### Problem to solve
Once you reach the line containing "- КОМПЛЕКТ ИГРАЧКИ" in the entries below, write out that line and each one after it down to the line containing "Photo taken on", exactly and with nothing added.

### Records shown
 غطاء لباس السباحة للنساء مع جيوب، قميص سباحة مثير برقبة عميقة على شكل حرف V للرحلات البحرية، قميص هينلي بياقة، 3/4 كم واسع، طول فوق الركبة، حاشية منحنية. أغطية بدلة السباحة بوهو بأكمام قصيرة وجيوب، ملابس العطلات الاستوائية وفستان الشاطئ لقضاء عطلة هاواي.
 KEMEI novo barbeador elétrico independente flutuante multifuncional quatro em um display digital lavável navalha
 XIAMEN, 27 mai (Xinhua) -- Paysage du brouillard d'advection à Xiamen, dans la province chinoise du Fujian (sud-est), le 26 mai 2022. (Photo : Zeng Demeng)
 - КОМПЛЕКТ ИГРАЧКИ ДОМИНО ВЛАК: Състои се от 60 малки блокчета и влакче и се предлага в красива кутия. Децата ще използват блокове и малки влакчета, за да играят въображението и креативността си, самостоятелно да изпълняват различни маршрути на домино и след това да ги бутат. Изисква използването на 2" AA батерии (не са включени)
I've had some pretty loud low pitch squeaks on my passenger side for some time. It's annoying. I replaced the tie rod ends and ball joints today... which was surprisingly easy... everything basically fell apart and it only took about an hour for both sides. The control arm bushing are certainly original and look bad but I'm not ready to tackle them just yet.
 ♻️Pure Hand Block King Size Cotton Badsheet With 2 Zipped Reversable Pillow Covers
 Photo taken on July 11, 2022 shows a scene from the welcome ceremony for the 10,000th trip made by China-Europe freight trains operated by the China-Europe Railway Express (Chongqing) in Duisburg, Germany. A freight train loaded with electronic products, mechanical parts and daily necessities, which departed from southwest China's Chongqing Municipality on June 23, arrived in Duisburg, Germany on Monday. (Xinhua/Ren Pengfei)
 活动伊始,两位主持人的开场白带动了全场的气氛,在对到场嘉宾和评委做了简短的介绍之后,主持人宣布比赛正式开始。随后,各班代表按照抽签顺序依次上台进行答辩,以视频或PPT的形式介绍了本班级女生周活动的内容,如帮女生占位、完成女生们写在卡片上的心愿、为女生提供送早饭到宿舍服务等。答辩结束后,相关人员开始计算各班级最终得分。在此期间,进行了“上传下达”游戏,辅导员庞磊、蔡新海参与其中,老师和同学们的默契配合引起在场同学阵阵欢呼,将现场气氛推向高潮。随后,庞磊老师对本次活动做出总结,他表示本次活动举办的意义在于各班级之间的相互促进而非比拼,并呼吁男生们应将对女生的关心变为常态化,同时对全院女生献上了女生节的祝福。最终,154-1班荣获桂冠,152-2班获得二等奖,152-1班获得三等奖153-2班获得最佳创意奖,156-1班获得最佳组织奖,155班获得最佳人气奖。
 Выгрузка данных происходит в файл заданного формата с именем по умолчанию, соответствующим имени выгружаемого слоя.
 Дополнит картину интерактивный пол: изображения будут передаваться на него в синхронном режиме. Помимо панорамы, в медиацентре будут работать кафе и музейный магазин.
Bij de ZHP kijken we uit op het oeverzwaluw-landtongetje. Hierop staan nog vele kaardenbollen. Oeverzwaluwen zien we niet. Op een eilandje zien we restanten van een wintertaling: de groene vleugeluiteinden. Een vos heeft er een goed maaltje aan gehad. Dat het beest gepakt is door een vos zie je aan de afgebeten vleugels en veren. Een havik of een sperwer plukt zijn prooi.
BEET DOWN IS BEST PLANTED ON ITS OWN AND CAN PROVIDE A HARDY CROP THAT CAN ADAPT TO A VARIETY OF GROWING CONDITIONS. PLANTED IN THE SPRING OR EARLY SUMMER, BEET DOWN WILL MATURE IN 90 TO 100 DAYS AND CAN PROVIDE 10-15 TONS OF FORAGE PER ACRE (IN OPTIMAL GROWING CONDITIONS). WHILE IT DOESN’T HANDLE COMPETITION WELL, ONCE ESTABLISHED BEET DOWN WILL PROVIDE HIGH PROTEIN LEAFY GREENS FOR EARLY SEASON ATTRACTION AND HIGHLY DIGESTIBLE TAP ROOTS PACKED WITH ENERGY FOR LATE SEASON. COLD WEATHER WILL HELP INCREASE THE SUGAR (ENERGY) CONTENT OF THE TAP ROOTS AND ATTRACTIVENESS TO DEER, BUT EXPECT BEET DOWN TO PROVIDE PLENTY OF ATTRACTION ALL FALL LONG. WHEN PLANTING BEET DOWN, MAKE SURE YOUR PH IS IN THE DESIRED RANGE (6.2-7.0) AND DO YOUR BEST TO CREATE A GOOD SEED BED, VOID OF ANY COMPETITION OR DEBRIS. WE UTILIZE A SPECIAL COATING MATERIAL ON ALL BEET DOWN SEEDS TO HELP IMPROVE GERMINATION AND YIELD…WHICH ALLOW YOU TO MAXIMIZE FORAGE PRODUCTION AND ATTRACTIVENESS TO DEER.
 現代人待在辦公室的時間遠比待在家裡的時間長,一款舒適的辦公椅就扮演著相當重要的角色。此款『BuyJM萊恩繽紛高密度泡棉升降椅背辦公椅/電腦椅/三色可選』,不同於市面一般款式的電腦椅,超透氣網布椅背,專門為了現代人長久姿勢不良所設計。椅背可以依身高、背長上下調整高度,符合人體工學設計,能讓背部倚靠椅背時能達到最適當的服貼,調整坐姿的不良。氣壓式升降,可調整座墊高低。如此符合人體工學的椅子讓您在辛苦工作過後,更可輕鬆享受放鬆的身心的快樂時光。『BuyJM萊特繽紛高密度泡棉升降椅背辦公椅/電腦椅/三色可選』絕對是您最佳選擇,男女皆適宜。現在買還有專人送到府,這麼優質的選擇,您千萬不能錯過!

### Problem solution
 - КОМПЛЕКТ ИГРАЧКИ ДОМИНО ВЛАК: Състои се от 60 малки блокчета и влакче и се предлага в красива кутия. Децата ще използват блокове и малки влакчета, за да играят въображението и креативността си, самостоятелно да изпълняват различни маршрути на домино и след това да ги бутат. Изисква използването на 2" AA батерии (не са включени)
I've had some pretty loud low pitch squeaks on my passenger side for some time. It's annoying. I replaced the tie rod ends and ball joints today... which was surprisingly easy... everything basically fell apart and it only took about an hour for both sides. The control arm bushing are certainly original and look bad but I'm not ready to tackle them just yet.
 ♻️Pure Hand Block King Size Cotton Badsheet With 2 Zipped Reversable Pillow Covers
 Photo taken on July 11, 2022 shows a scene from the welcome ceremony for the 10,000th trip made by China-Europe freight trains operated by the China-Europe Railway Express (Chongqing) in Duisburg, Germany. A freight train loaded with electronic products, mechanical parts and daily necessities, which departed from southwest China's Chongqing Municipality on June 23, arrived in Duisburg, Germany on Monday. (Xinhua/Ren Pengfei)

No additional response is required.